REQUIREMENT >> Output the records below in full, word for word; pictures do not belong in it.

[Extracted data entries]
★ ★ ★

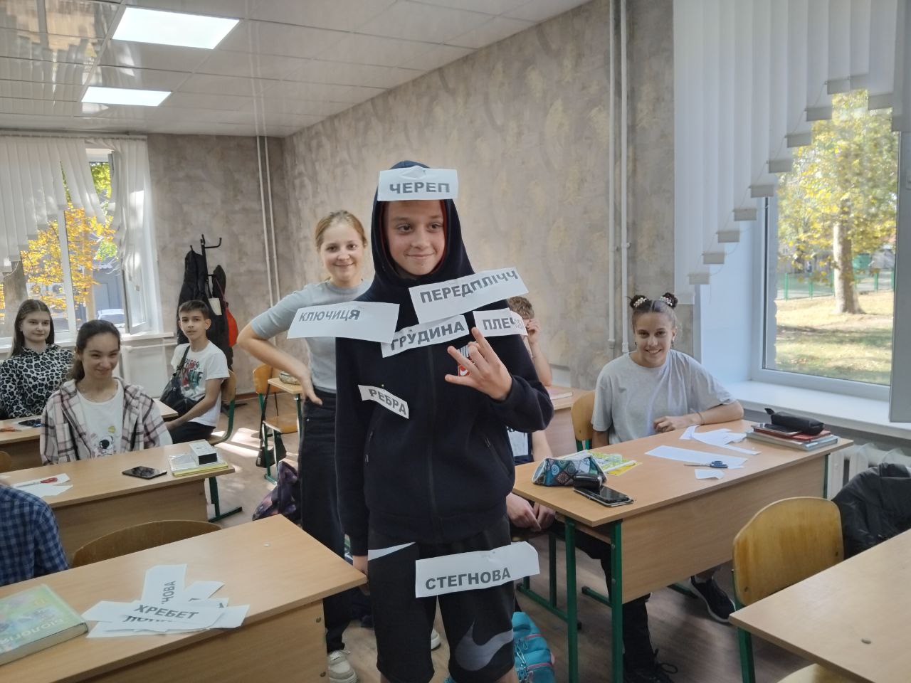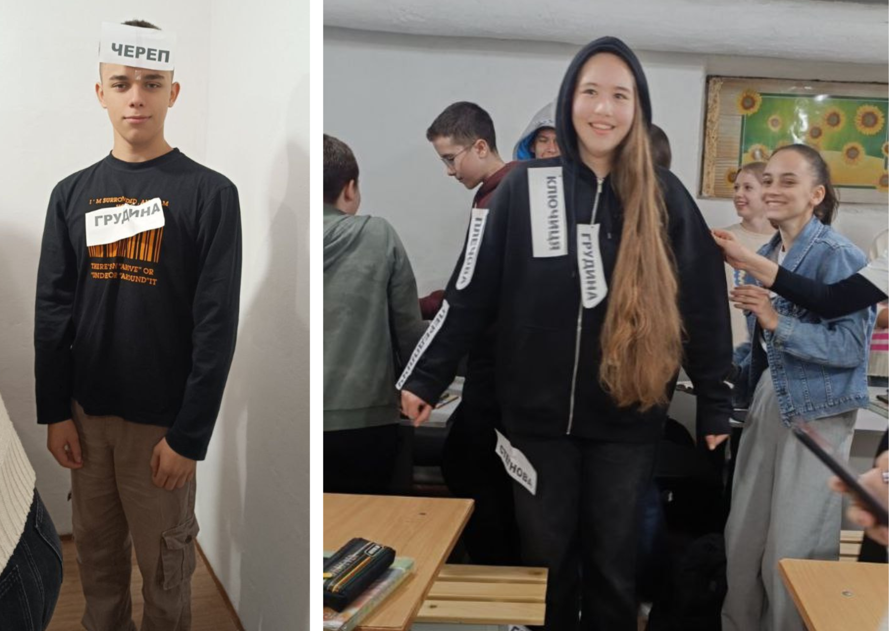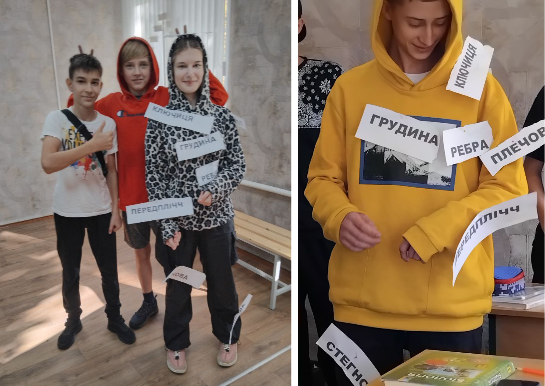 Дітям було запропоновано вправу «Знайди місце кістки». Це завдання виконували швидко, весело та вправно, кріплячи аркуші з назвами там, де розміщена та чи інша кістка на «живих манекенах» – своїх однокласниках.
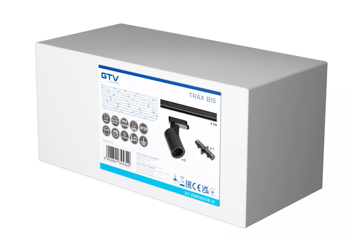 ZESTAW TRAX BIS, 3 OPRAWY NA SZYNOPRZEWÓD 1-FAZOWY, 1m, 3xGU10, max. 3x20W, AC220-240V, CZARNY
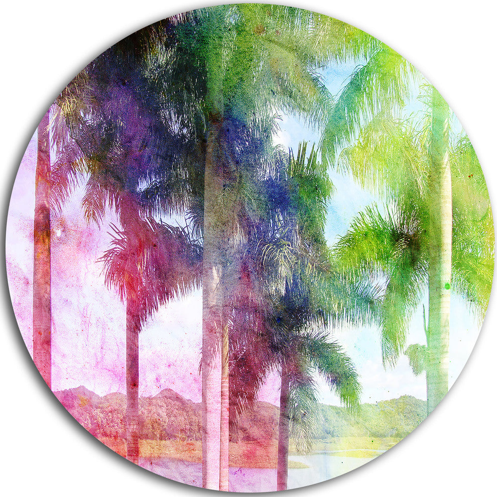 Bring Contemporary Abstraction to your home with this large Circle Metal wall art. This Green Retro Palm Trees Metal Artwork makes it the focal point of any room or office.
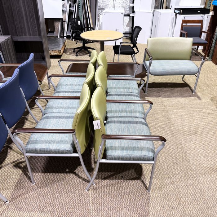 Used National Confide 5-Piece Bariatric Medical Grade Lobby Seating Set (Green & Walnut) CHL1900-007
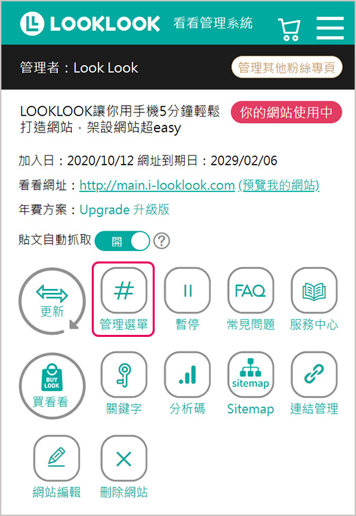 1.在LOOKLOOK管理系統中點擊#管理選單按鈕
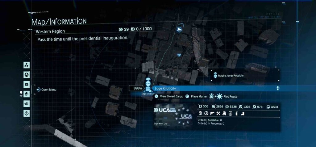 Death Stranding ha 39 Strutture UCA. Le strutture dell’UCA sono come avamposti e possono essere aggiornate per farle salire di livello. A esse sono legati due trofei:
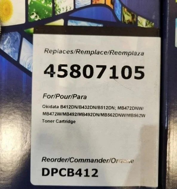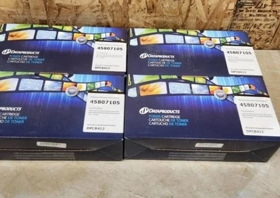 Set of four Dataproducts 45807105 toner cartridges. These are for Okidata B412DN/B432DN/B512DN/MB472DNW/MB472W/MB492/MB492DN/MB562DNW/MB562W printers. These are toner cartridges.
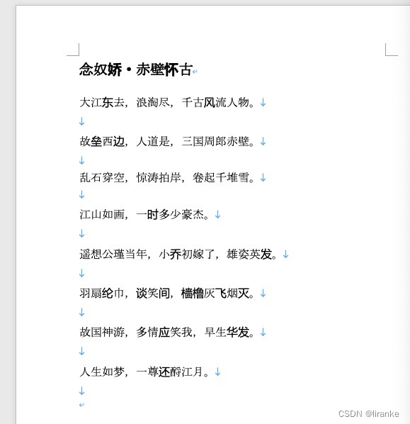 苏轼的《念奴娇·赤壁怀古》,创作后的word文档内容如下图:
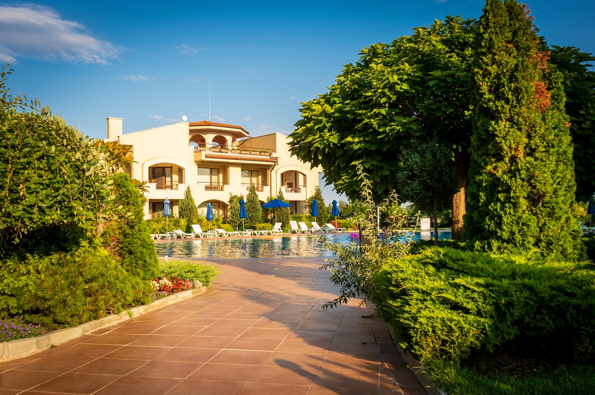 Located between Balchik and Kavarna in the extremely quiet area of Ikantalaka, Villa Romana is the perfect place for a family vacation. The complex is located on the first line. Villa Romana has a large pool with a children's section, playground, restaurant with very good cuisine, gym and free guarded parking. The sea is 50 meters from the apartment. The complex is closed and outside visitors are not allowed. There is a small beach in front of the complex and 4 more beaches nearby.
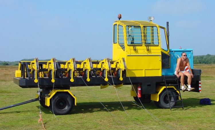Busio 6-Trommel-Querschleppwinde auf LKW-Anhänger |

★ ★ ★

ANSWER SPACE >>
 Дітям було запропоновано вправу «Знайди місце кістки». Це завдання виконували швидко, весело та вправно, кріплячи аркуші з назвами там, де розміщена та чи інша кістка на «живих манекенах» – своїх однокласниках.
 ZESTAW TRAX BIS, 3 OPRAWY NA SZYNOPRZEWÓD 1-FAZOWY, 1m, 3xGU10, max. 3x20W, AC220-240V, CZARNY
 Bring Contemporary Abstraction to your home with this large Circle Metal wall art. This Green Retro Palm Trees Metal Artwork makes it the focal point of any room or office.
 Used National Confide 5-Piece Bariatric Medical Grade Lobby Seating Set (Green & Walnut) CHL1900-007
 1.在LOOKLOOK管理系統中點擊#管理選單按鈕
 Death Stranding ha 39 Strutture UCA. Le strutture dell’UCA sono come avamposti e possono essere aggiornate per farle salire di livello. A esse sono legati due trofei:
 Set of four Dataproducts 45807105 toner cartridges. These are for Okidata B412DN/B432DN/B512DN/MB472DNW/MB472W/MB492/MB492DN/MB562DNW/MB562W printers. These are toner cartridges.
 苏轼的《念奴娇·赤壁怀古》,创作后的word文档内容如下图:
 Located between Balchik and Kavarna in the extremely quiet area of Ikantalaka, Villa Romana is the perfect place for a family vacation. The complex is located on the first line. Villa Romana has a large pool with a children's section, playground, restaurant with very good cuisine, gym and free guarded parking. The sea is 50 meters from the apartment. The complex is closed and outside visitors are not allowed. There is a small beach in front of the complex and 4 more beaches nearby.
Busio 6-Trommel-Querschleppwinde auf LKW-Anhänger |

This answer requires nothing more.